◆ Work instruction ◆
Without pictures, return the lines from the one containing "Každá ruža je" through the last line of the data below, exactly.

Collected data entries
※ ※ ※

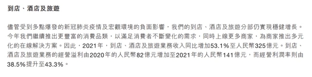 財報顯示,2021年,美團(tuán)到店及酒旅業(yè)務(wù)營收325億元,同比增長53.1%;全年經(jīng)營利潤為141億元,同比增長72%。從單純的數(shù)字來看,美團(tuán)起家的O2O業(yè)務(wù)不論是營收還是利潤都表現(xiàn)亮眼。
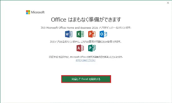 スタートメニューにOfficeアプリ(WordやExcelなど)があるかどうかを確認し、クリックして起動させます。使用許諾に関する画面が表示された場合は、内容をしっかりと読んで同意する場合は「同意する」ボタンをクリックしましょう。
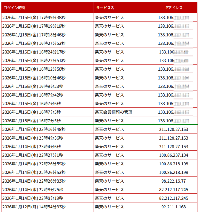 後日(2026-01-19)、ログイン履歴を再確認するためにモバイルアプリやPCブラウザーからmy Rakutenにアクセスした時にログイン操作が必要となったが、ワンタイムパスの操作は発生しなかった。
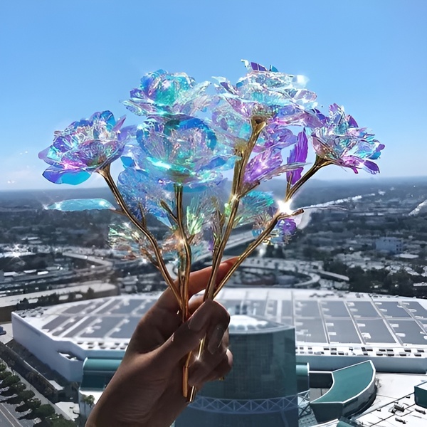 Každá ruža je vyrobená s dúhovým, holografickým povlakom, ktorý sa na svetle nádherne trbliece a vytvára trblietanie pripomínajúce galaxiu, ktoré je jednoducho fascinujúce.
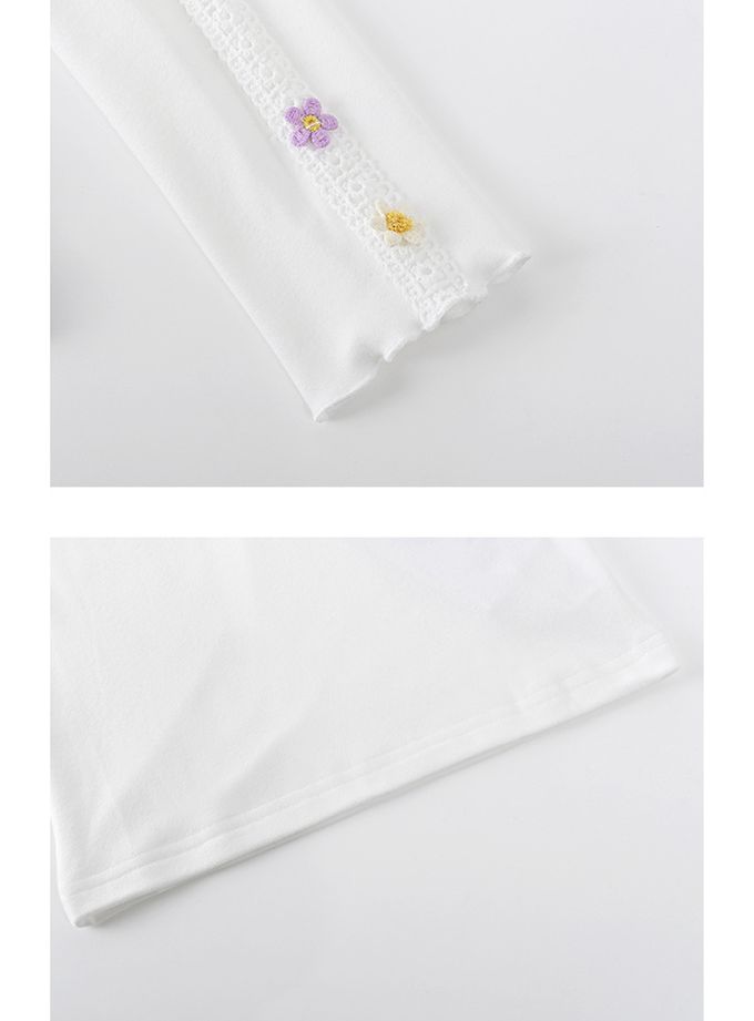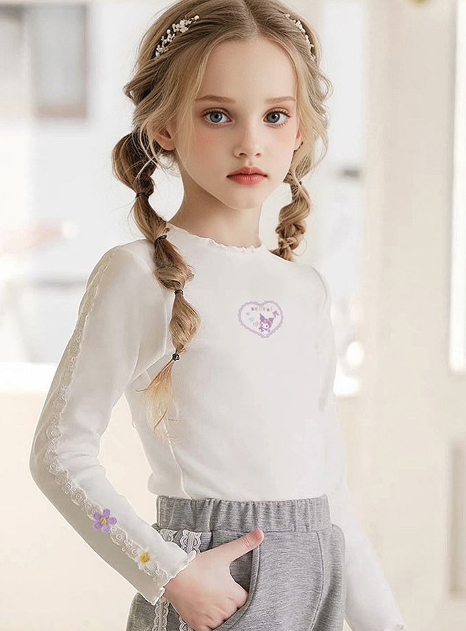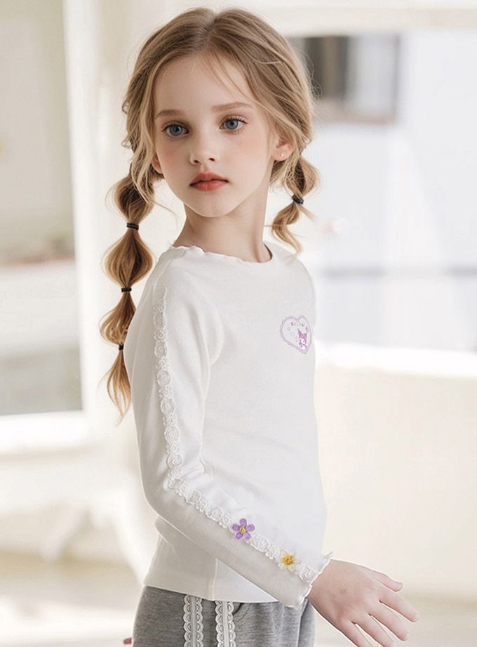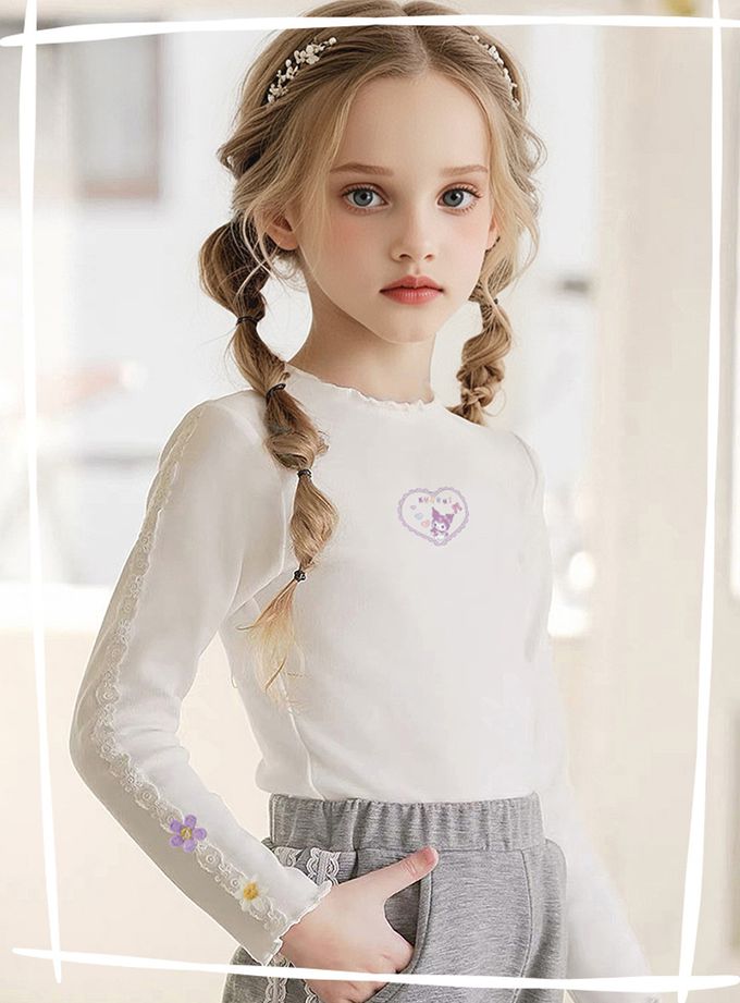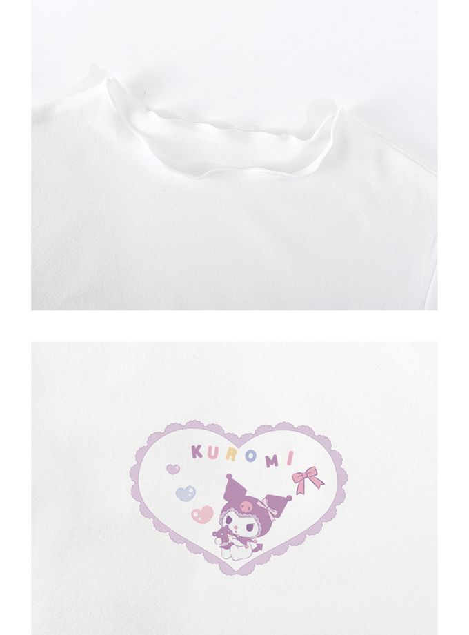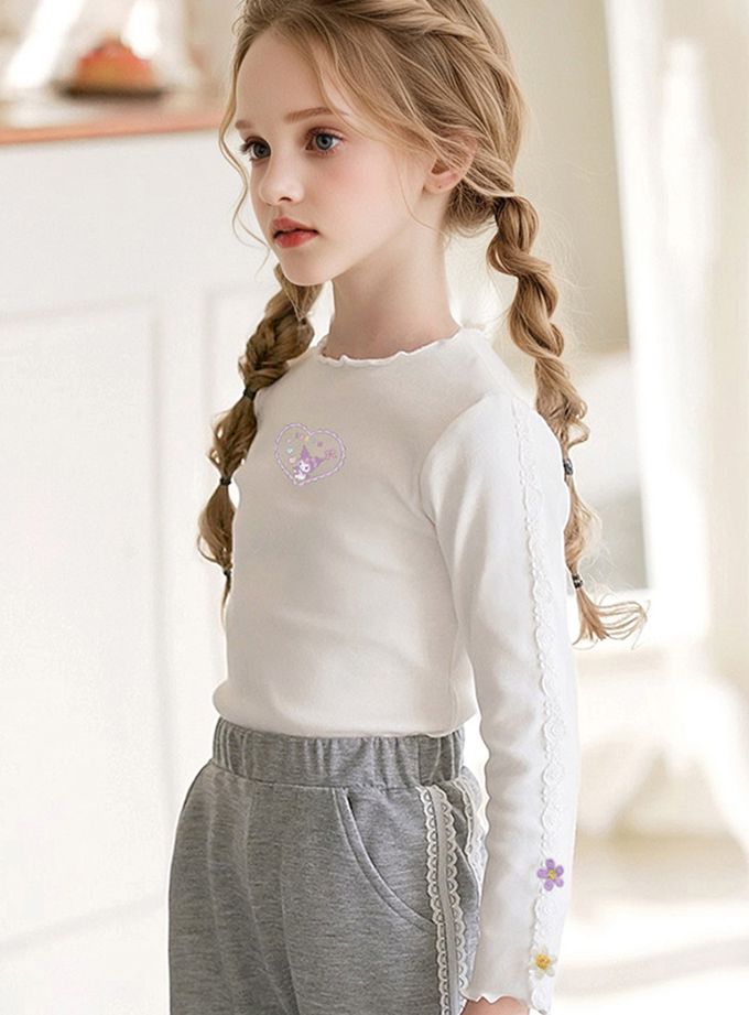 木耳邊蕾絲織帶內搭長袖上衣-卡通人物酷洛米-白色

※ ※ ※

◆ Task response ◆
 Každá ruža je vyrobená s dúhovým, holografickým povlakom, ktorý sa na svetle nádherne trbliece a vytvára trblietanie pripomínajúce galaxiu, ktoré je jednoducho fascinujúce.
 木耳邊蕾絲織帶內搭長袖上衣-卡通人物酷洛米-白色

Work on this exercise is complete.